I got my entire family to use it seven or eight years ago. Since then, Wire has continually made changes that have only made the system worse for free users. I assume they're doing it to push people to the paid subscriptions, but it could also simply be developer incompetence. Either way, there isn't a good alternative for a non-techie group of people, amd switching costs are high, so we're stuck on it as it slowly degrades.
Notifications have become consistently more flakey over time, and none of our Android users can "Share" media with the app anymore (it doesn't show up as an option). Wire used to have an animated GIF lookup option built-in - sort of like fancy emojis - which disappeared earlier this year. Group video calls were disabled for the free tier last year. It's a slow enshitification, and I'd recommend not investing time onboarding a bunch of people.
I find Signal to be very user friendly, what don't you like about it?
Metadata. Requiring a phone number to register. And a hostile anti-federation, anti-API stance by Signal. Sure, you can run your own server, but you can't connect to anyone in the official Signal network, and third-party apps are also disallowed.
Wire has the same problem, don't get me wrong. They've been resolutely refusing any third-party connections (mainly requests from Matrix bridge folks). But Signal isn't an improvement on these fonts.
Signal is building straight alternative to WhatsApp. And it is very good because everyone who uses it can easily switch to Signal, without complications. Federation adds many new concepts (problems) for normal human, more latency and makes development way slower which is also very bad for mass adoption. And they are against only of 3rd party clients which use Signal in name. Molly exists, f.e.
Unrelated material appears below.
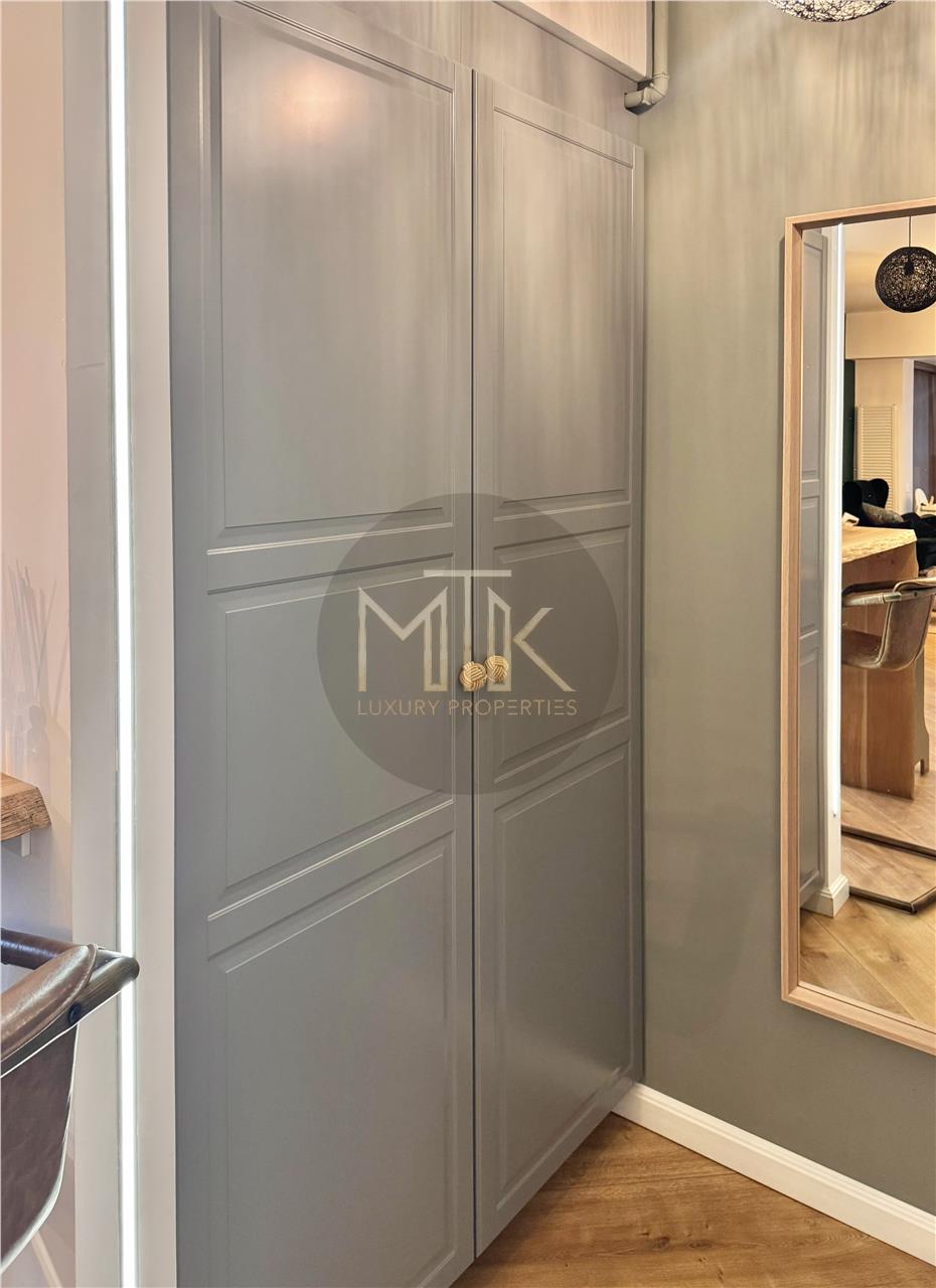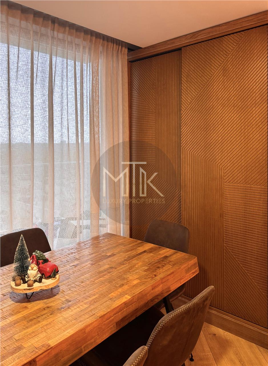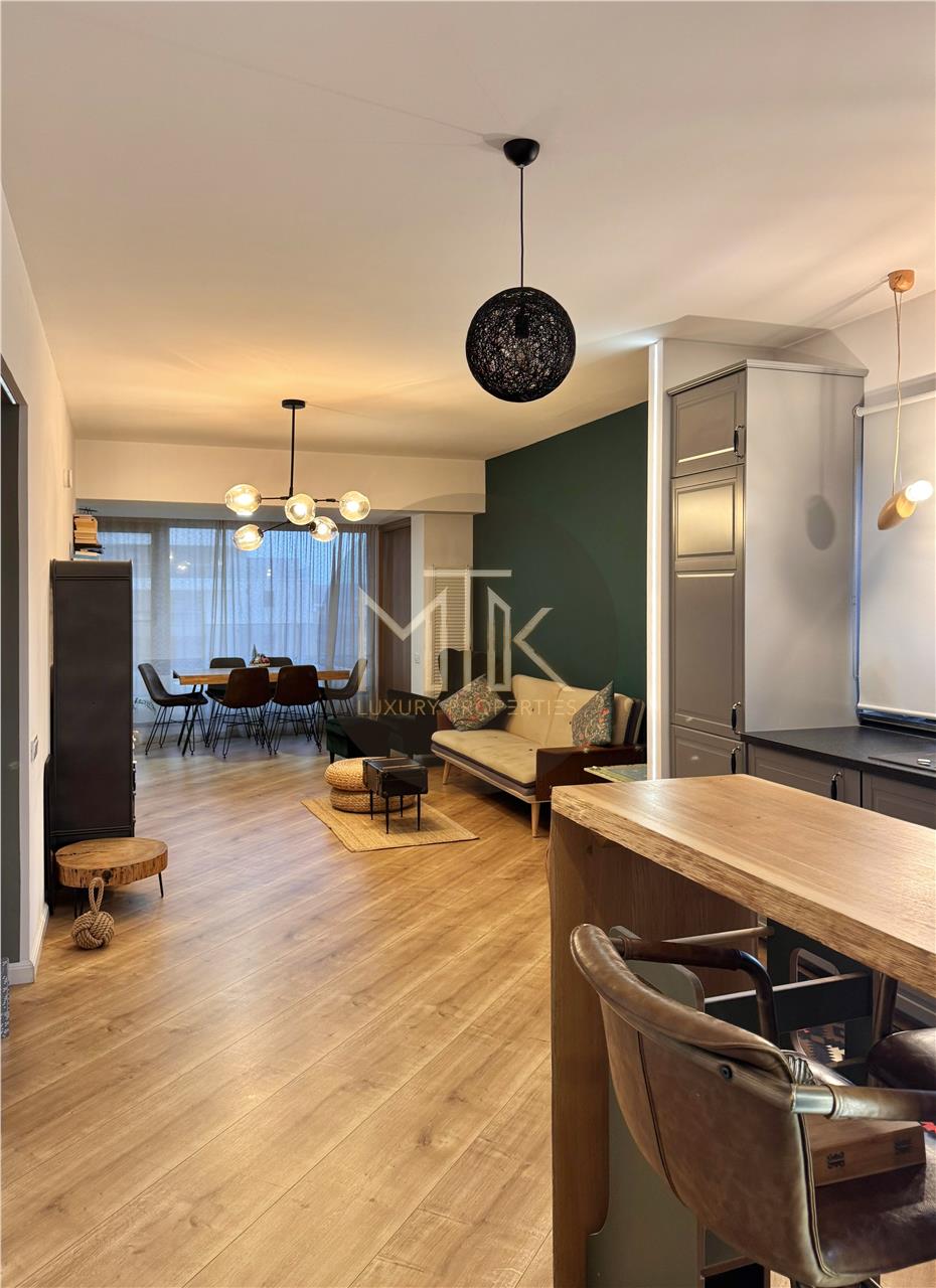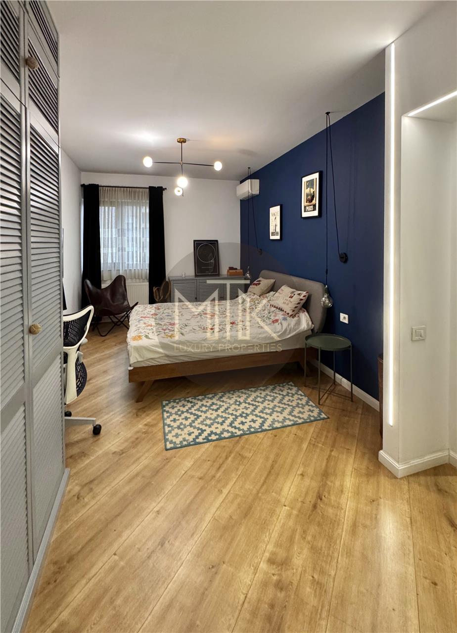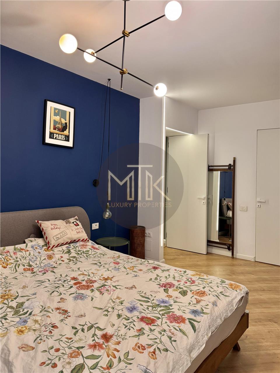 Apartamentul este decomandat si compartimentat astfel: living open-space cu zona de dining si bucatarie, cu iesire pe balconul de 5 mp, 1 dormitor matrimonial, dotat cu pat king-size, dressing, birou si baie proprie cu cada, cel de-al 2 lea dormitor, cu pat king-size, dressing, ideal pentru camera de copii, birou etc. Decomandarea eficienta a camerelor este facuta de hol, unde se regaseste cea de-a 2-a baie, dotata cu cabina de dus de tip walk-in.

So Signal rocks 🤟😄
Well, you said it yourself, Wire isn't much different in that regard, so Signal is pretty much a one for one substitute.
I would like federation for Signal too somehow, in fact I use Matrix on the side, in particular with people I don't want to share my phone number with, but that doesn't prevent it from being a very solid option in and of itself
Any alternatives?
Update 2023-09-28
Edits include addl feature discussion, but mainly an update on Session.
~Nope.~ Maybe?
~I may have looked at Session at one point, but don't remember why I put it in the No category. I'll have to review it again.~ See my update at top. Session is currently a contender.
XMPP may be the elephant in the room. I used XMPP for years, back before Google supported it, and after. I know a lot of people advocate it, and I think it's a reasonable option; it's certainly well-established. It leaks a lot of metadata, but then, it wasn't designed with security in mind - all of the security has been bolted on after the fact, frankenstein mode. So has multi-participant chat. In fact, most features have been tacked on, and I guess that's why I avoid it these days. Nothing seems well-integrated and reliably functioning. But YMMV; it may be the best option at the moment.
That is largely a myth. Sure metadata protection could be better in XMPP, but it is not worse than in most other chat systems, and certainly much better than in Matrix for example.